Published online Sep 28, 2013. doi: 10.4329/wjr.v5.i9.334
Revised: July 17, 2013
Accepted: August 4, 2013
Published online: September 28, 2013
Processing time: 154 Days and 7.8 Hours
AIM: To retrospectively and prospectively compare diffusion-weighted (DW) images in the abdomen in a 1.5T system and 3.0T systems with and without two-channel functionality for B1 shimming.
METHODS: DW images of the abdomen were obtained on 1.5T and 3.0T (with and without two-channel functionality for B1 shimming) scanners on 150 patients (retrospective study population) and 10 volunteers (prospective study population). Eight regions were selected for clinical significance or artifact susceptibility (at higher field strengths). Objective grading quantified signal-to-noise ratio (SNR), and subjective evaluation qualified image quality, ghosting artifacts, and diagnostic value. Statistical significance was calculated using χ2 tests (categorical variables) and independent two-sided t tests or Mann-Whitney U tests (continuous variables).

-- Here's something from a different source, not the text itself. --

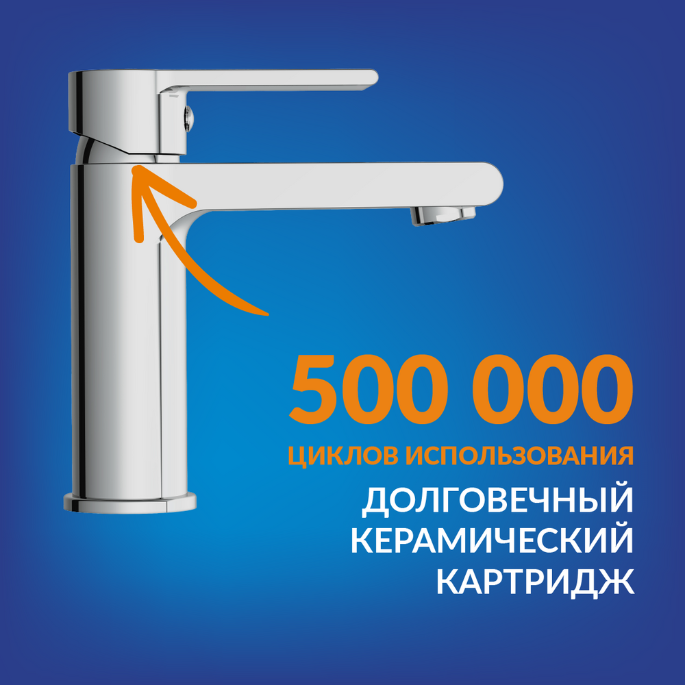 Плавный ход ручки смесителя обеспечивает качественный керамический картридж, рассчитанный на 500 тыс. циклов открытия и закрытия. За счёт мягкой и точной регулировки воды даже со слабым напором водные процедуры становятся комфортными. Cersanit даёт гарантию на картридж 5 лет.
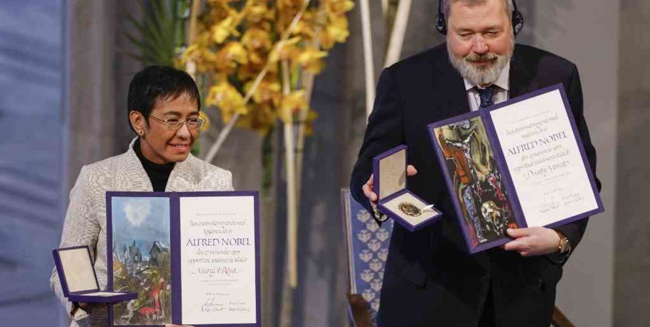 El Comité Noruego del Nobel decidió reconocer en octubre a Ressa y Muratov "por sus esfuerzos para salvaguardar la libertad de expresión, que es una precondición para la democracia y para una paz duradera".

RESULTS: The 3.0T using dual-source parallel transmit (dpTX 3.0T) provided the significantly highest SNRs in nearly all regions. In regions susceptible to artifacts at higher field strengths (left lobe of liver, head of pancreas), the SNR was better or similar to the 1.5T system. Subjectively, both dpTX 3.0T and 1.5T systems provided higher image quality, diagnostic value, and less ghosting artifact (P < 0.01, most values) compared to the 3.0T system without dual-source parallel transmit (non-dpTX 3.0T).
CONCLUSION: The dpTX 3.0T scanner provided the highest SNR. Its image quality, lack of ghosting, and diagnostic value were equal to or outperformed most currently used systems.
Core tip: With the popularity of 3.0T imaging systems, radiologists have commonly found limitations in abdominal imaging with diffusion-weighted imaging (DWI) secondary to B1 in homogeneity artifacts at these higher magnet strengths. Because artifacts disturb diagnostic value of abdominal DWI, 1.5T systems have been mainly used for this particular purpose. However, newer techniques involving 3.0T using dual-source parallel radiofrequency (RF) excitation with parallel transmission and independent RF shimming have recently been developed which may succeed in addressing such limitations. Our study illustrates both the objective and subjective utility in the abdominal distribution while imaging under a 3.0T system which incorporates dual-source RF excitation.